What use is a generalisation if the real world holds only individuals?

By Justin Byrne

In my PhD, I compare ancient British woodlands with younger ones in an effort to describe how microbial biodiversity, and the associated ecological processes, change over time. Scientific endeavours like this focus on building generalisations, but what is the use of a generalisation if, in the real world, things are always atypical?

Biodiversity, the breadth of variation in the living components of an environment, tends to increase over time. Below is a picture of some tanks of standing water in our office, initially these tanks were used to age water for our aquarium. When spring began, the water would quickly fill with algae so we stopped using it. Instead of throwing it away, we left it, occasionally topping it up with wastewater from aquarium water changes. When we put a few plants in there things really kicked off and now the tanks teem with life. Water boatmen, snails, water fleas and no doubt plenty of other microscopic inhabitants have colonised the tank. Nature is the same but slower.

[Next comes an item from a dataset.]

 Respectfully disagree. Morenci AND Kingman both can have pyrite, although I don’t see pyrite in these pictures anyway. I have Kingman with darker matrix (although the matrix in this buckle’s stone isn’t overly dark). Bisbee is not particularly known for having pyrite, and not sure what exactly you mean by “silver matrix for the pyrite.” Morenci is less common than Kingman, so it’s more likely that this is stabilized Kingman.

In natural systems we generally expect environments to go through a series of successional stages. First, colonisers arrive, generally fast growing, with high dispersal and plenty of offspring. At a time it was popular to refer to these species as r-selected species (r for high growth rate). These reshape their environments with their activity, waste, and their death, providing altered environments for other species to colonise. As more species arrive, they continue to change their environment until long living species generally crowd out and dominate, forming a climax community. These, were once popularly referred to as k-selected species (k for Kapazitätsgrenze, the German word for carrying capacity – the stable population limit of the environment). This is succession, a conceptual model of how ecosystems behave. British woodlands are the basis of my work and have an extensive history of management, not unlike my water tanks. The Ancient British woodlands used in my research have not yet reached a climax community, the theorised final state of succession. They do not conform to the model. Perhaps the post-glacial wildwood reached climax over the thousands of years of succession it experienced before humans reshaped the British Isles.  Perhaps chaotic processes within it prevented it reaching that point. Despite having good generalisations about how the environment should shape itself, in reality things are more messy.

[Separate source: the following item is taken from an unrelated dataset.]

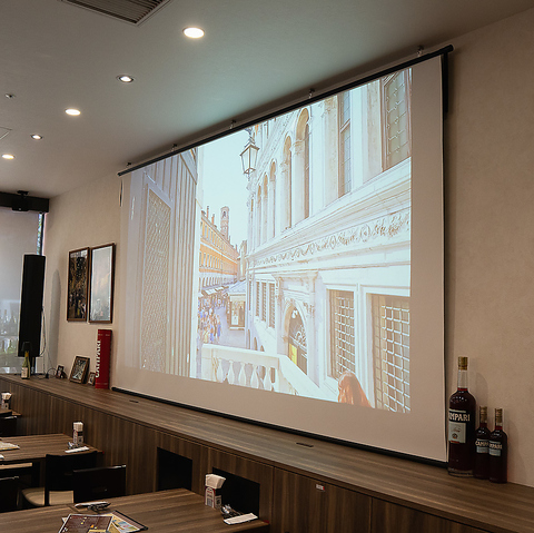 プロジェクター完備!映像を流せますので同窓会や結婚式2次会などぜひご活用ください |

We base our models of how ecosystems work on imperfect individuals. I attempt to look past the individuality of woods with a carefully designed study with lots of replicates. Generally, I might find that the diversity of microbes in woodlands increases over time. Alternatively, “middle aged” woodlands might be most diverse. Statistics gives me an idea of how trustworthy this generalisation is. However, it remains impossible to say what a certain wood will be like in a few decades or centuries. Whatever relationships I find, individual woods may entirely buck the trend. The strength of scientific theories is in their ability to predict general trends. Their weakness will always be in predicting individual events.

Any understanding of the mechanisms behind observed results is going to be a generalisation, and for that we sacrifice certainty. I think that is why many have come to doubt the advice of experts; those who can tell you what should happen, but never what will happen. Developing scientists have to become comfortable with uncertainty, while striving to increase the confidence of their assertions. Offering assurance is not a natural part of this skill set, which can be troublesome when a scientist is called upon to explain an item of news or a development (see the ongoing climate debate). There are two clear responses to this; either science, being uncertain, is a poor arbiter of truth, or certainty is a western virtue that should be valued less highly. To see the downsides of each worldview, one need not look far.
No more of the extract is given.